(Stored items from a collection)
== Segment start ==
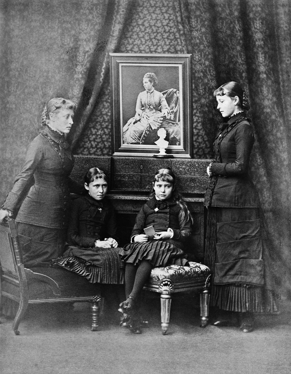 Princesses Victoria, Elizabeth, Irene, and Alix of Hesse, who grieve for her mother.
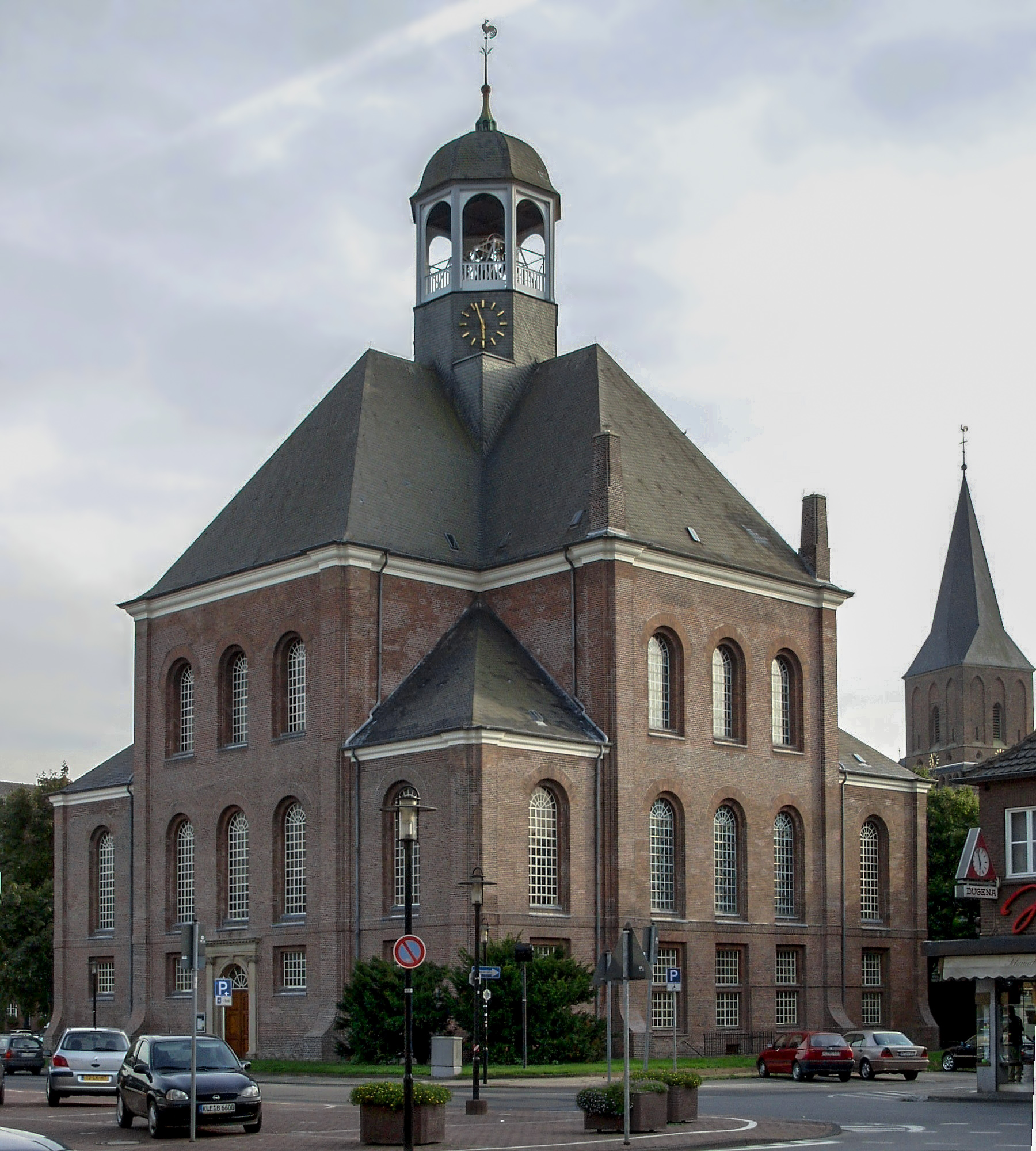 Christ Church in Emmerich am Rhein, Germany This is a photograph of an architectural monument.
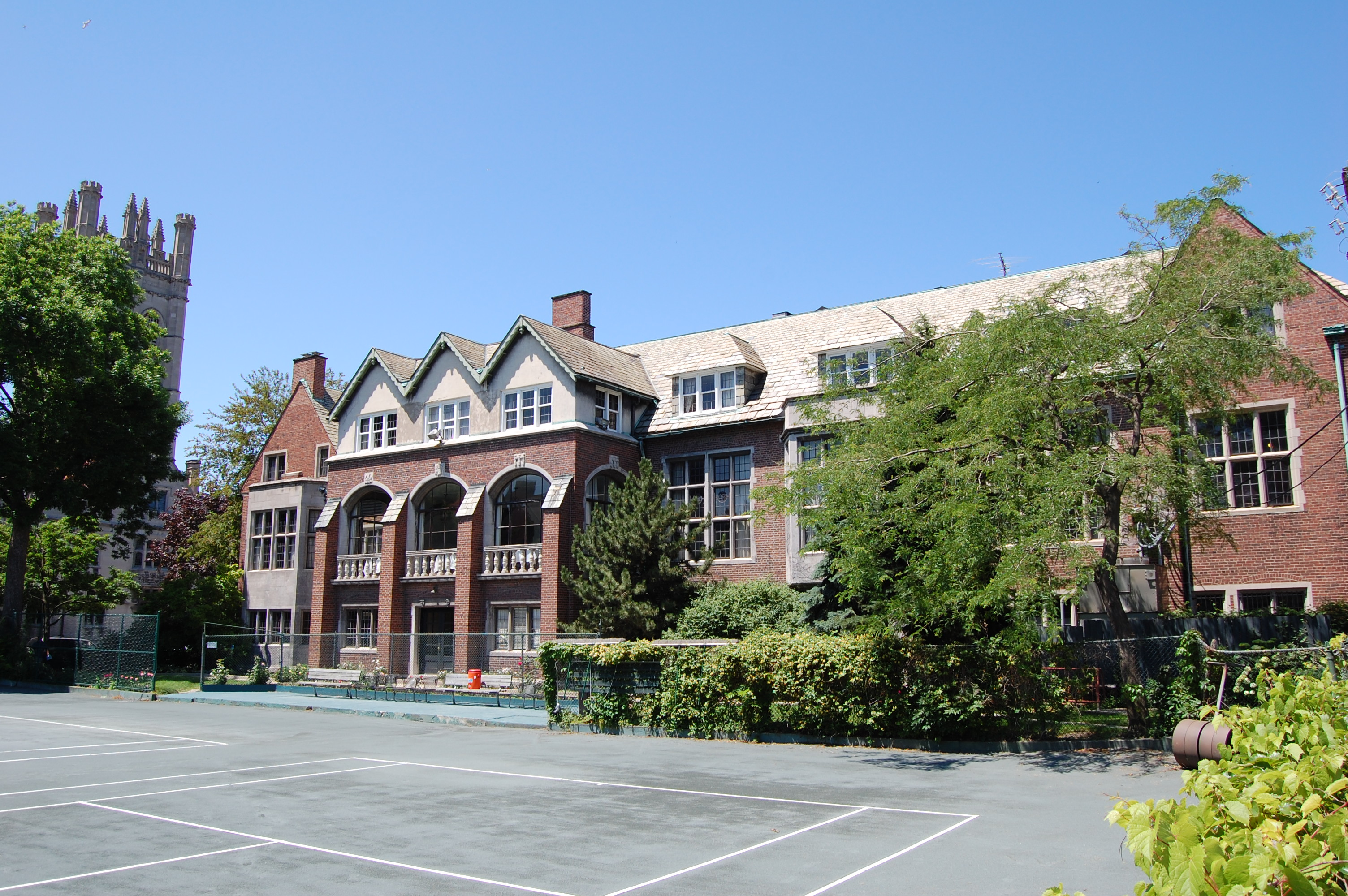 View of the rear entrance to the Quadrangle Club, on the campus of the University of Chicago, and showing a portion of the three clay tennis courts.
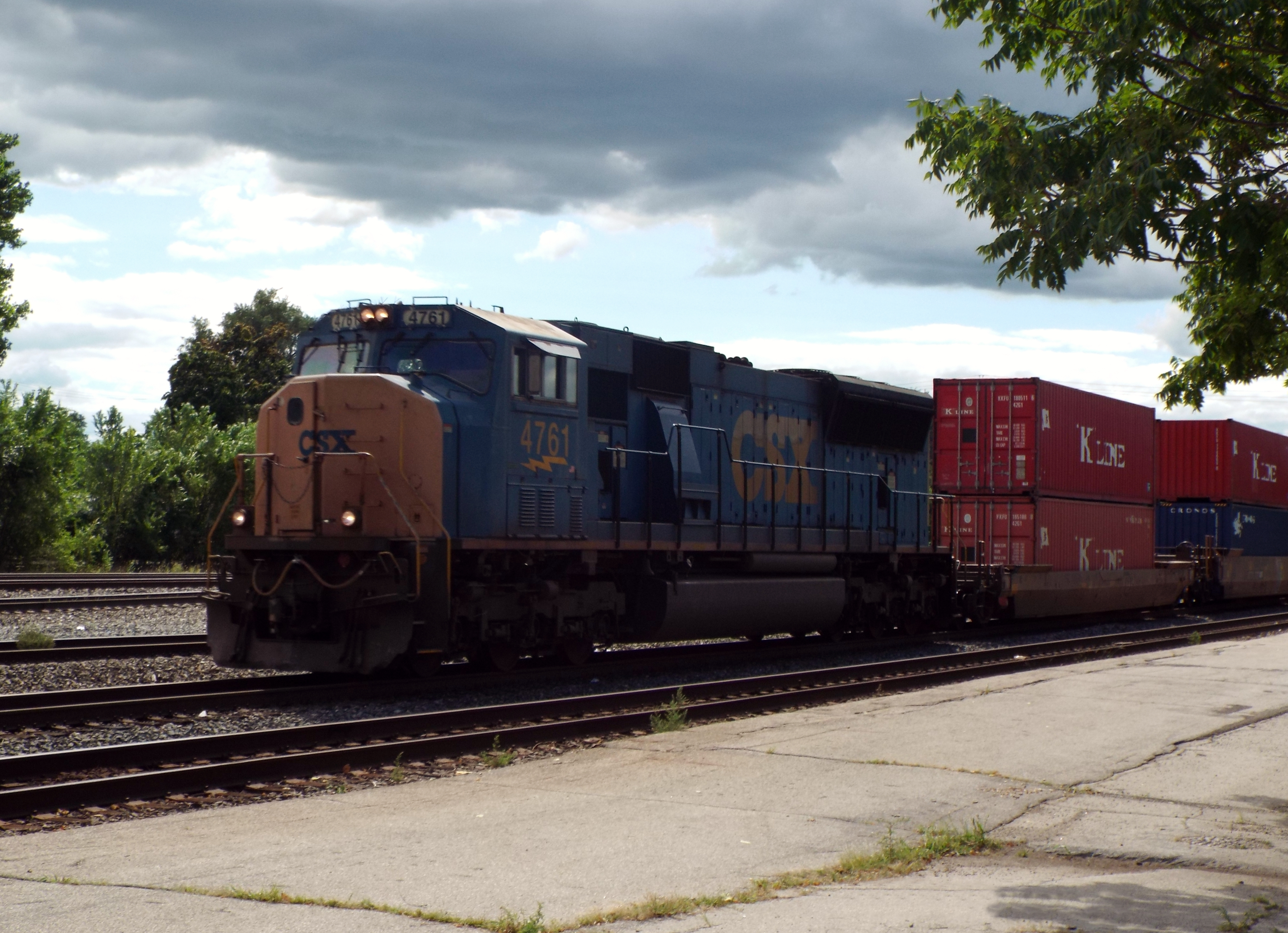 CSX 4761 lead a stack train east ouf of Elkhart, IN. This version of the SD70MAC is the SD45 style flared radiator version of the MAC series.
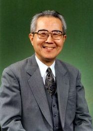 Takashi Negishi, Emeritus Professor of the University of Tokyo, received the Order of Culture on November, 2014.
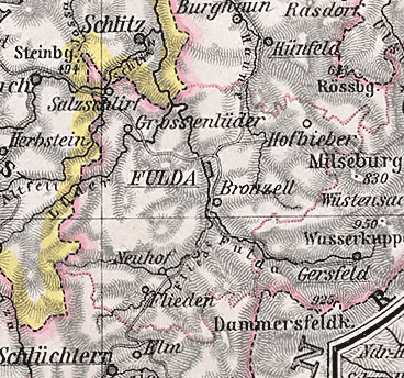 Detail from a map of Hesse.
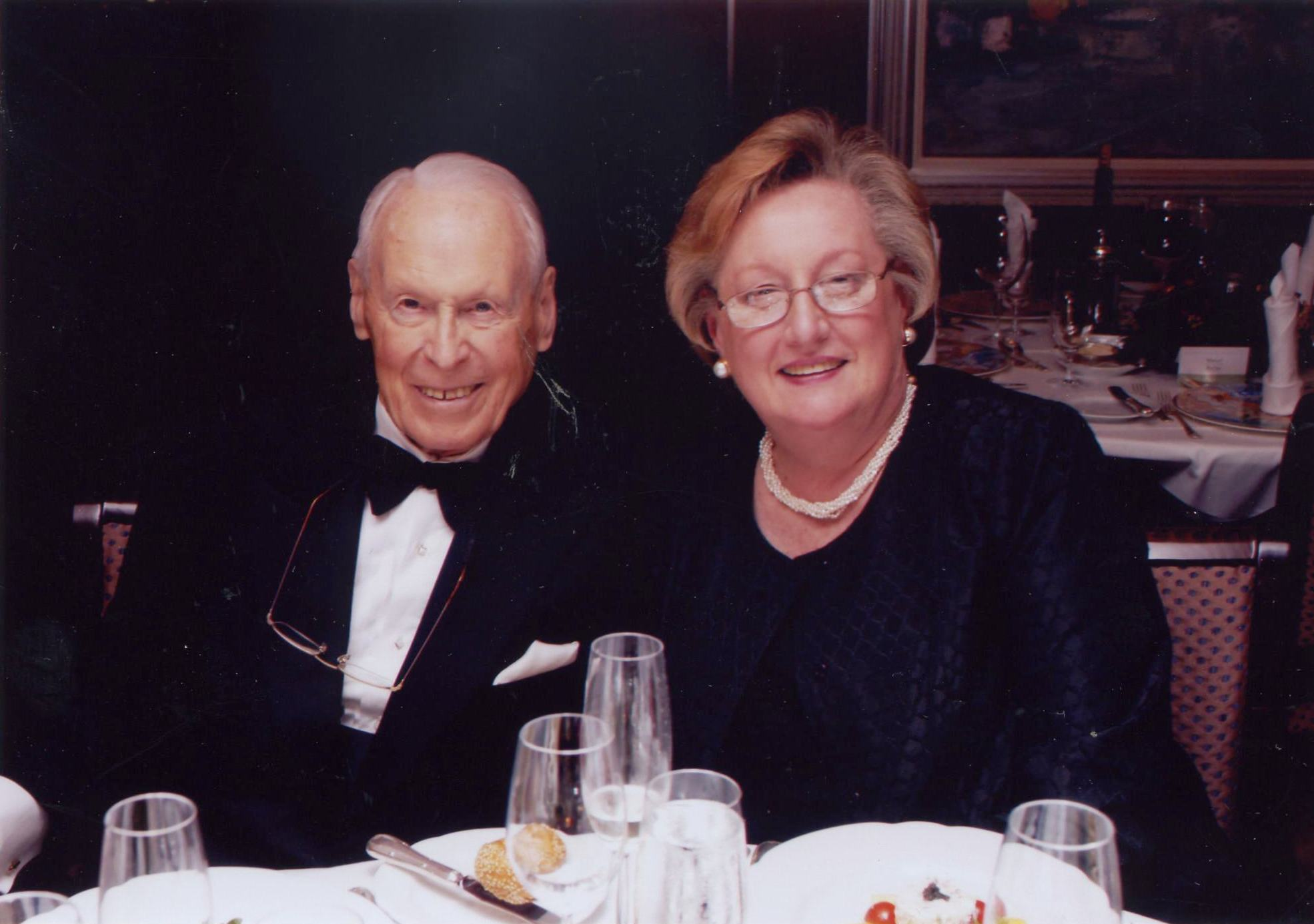 Archibald Johnston & Elizabeth Parr-Johnston on Serenity Cruise in South America
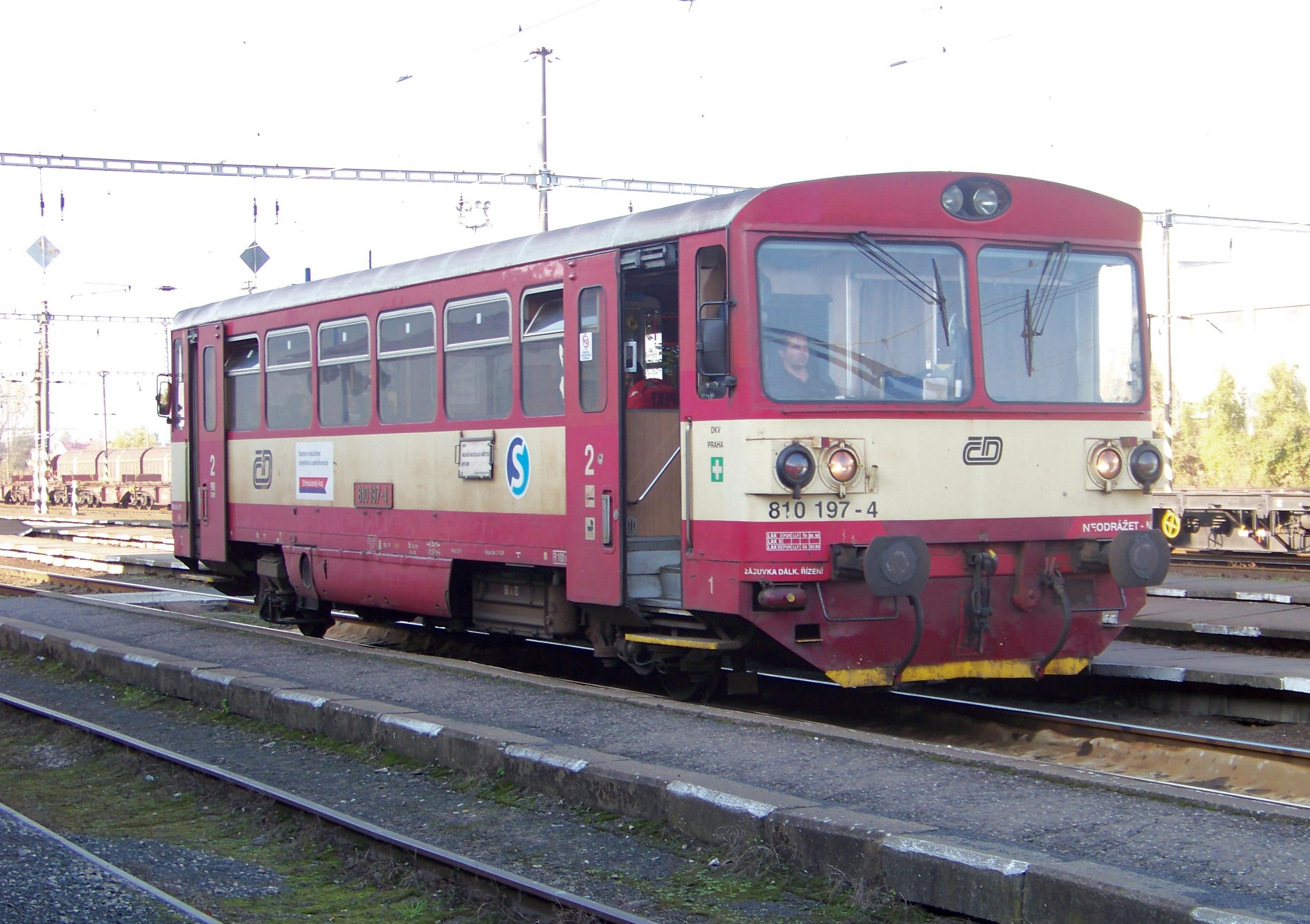 Mělník, Mělník District, Central Bohemian Region, the Czech Republic. Train station Mělník, a motor car.
== Segment end ==
▸ Assignment
Print the records above exactly, minus pictures.

▸ Output for this exercise
 Princesses Victoria, Elizabeth, Irene, and Alix of Hesse, who grieve for her mother.
 Christ Church in Emmerich am Rhein, Germany This is a photograph of an architectural monument.
 View of the rear entrance to the Quadrangle Club, on the campus of the University of Chicago, and showing a portion of the three clay tennis courts.
 CSX 4761 lead a stack train east ouf of Elkhart, IN. This version of the SD70MAC is the SD45 style flared radiator version of the MAC series.
 Takashi Negishi, Emeritus Professor of the University of Tokyo, received the Order of Culture on November, 2014.
 Detail from a map of Hesse.
 Archibald Johnston & Elizabeth Parr-Johnston on Serenity Cruise in South America
 Mělník, Mělník District, Central Bohemian Region, the Czech Republic. Train station Mělník, a motor car.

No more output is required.